Member of the Finnish Parliament for Pirkanmaa

Personal details
- Born: 1 May 1994 (age 32) Tampere, Finland
- Party: Green League
- Children: 1

= Iiris Suomela =

Finnish politician (born 1994)

Iiris Suomela (born 1 May 1994) is a Finnish politician who formerly served in the Parliament of Finland for the Green League at the Pirkanmaa constituency. She was a member of the Grand Committee and the Finance Committee. She has also formerly been vice chairperson for Tampere city council, and a Member of the Board of Directors of University of Tampere.
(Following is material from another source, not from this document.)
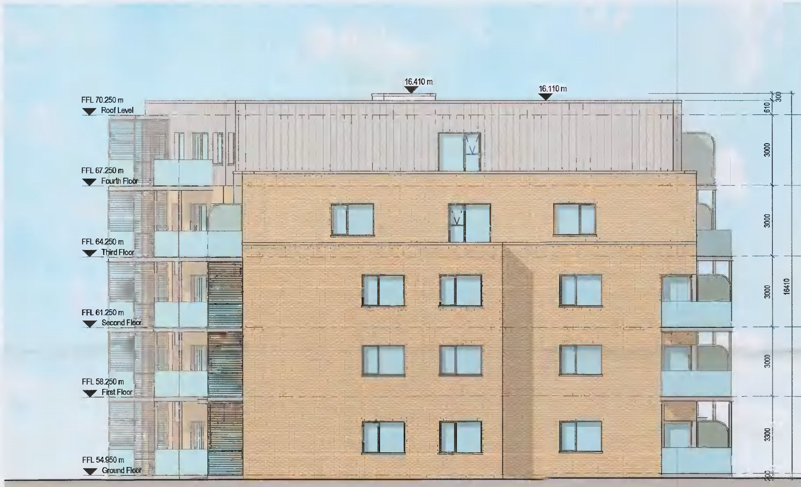
BLOCK 2 SIDE ELEVATION (WEST) 1 : 100
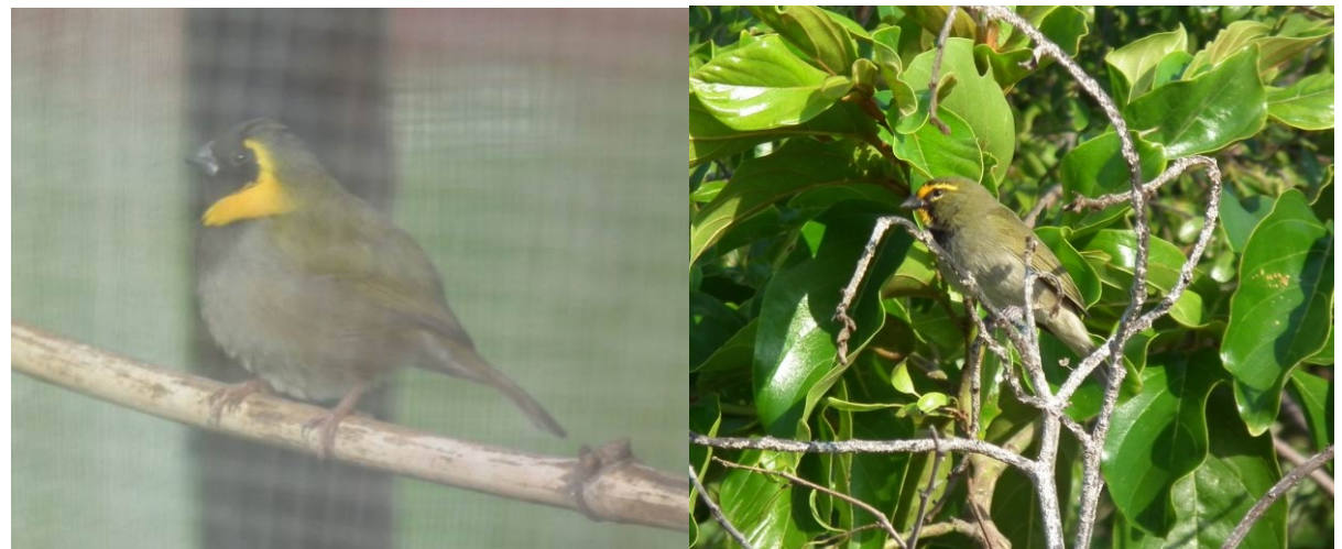
Cuban Grassquit in captivity. Photographed in Varadero.

While the elected temporarily leader of the Green League, Maria Ohisalo, was on parental leave during first half of 2022, Suomela was the acting chairperson of the party. Suomela led the party into country's first county elections in January 2022, in which the Green League was among the biggest losers, as health and social care tend to be topics that do not attract younger voters who make up a major part of Green League's supporters.

== Early life and education ==
Suomela was born in Tampere. She did her International Baccaulerate in Atlantic College, which is located in Wales and is part of the United World Colleges network. Soon after, she started her master's degree studies in sociology in University of Tampere.

== Political career ==
Suomela is an environmentalist and human rights advocate. She was one of two founders of the Suostumus2018 campaign whose goal was to rewrite the Finnish penal code regarding sexual assault so that lack of consent would be sufficient to convict an assaulter (whereas previously there had to be e.g. a threat of violence). The parliament approved the law in its new form in June 2022.

Suomela was elected Member of Parliament in the 2019 parliamentary elections from the Pirkanmaa constituency with 4,873 votes. In the same year, Suomela was also a candidate for the European Parliament but was not elected.

In the parliamentary election 2023, Suomela failed to get reelected but said she's planning to run in the next election. After her mandate as an MP expired, she resumed her studies at the University of Tampere.

== Personal life and family ==
Suomela's partner is entrepreneur and former politician Matti Parpala. They had a child in November 2020.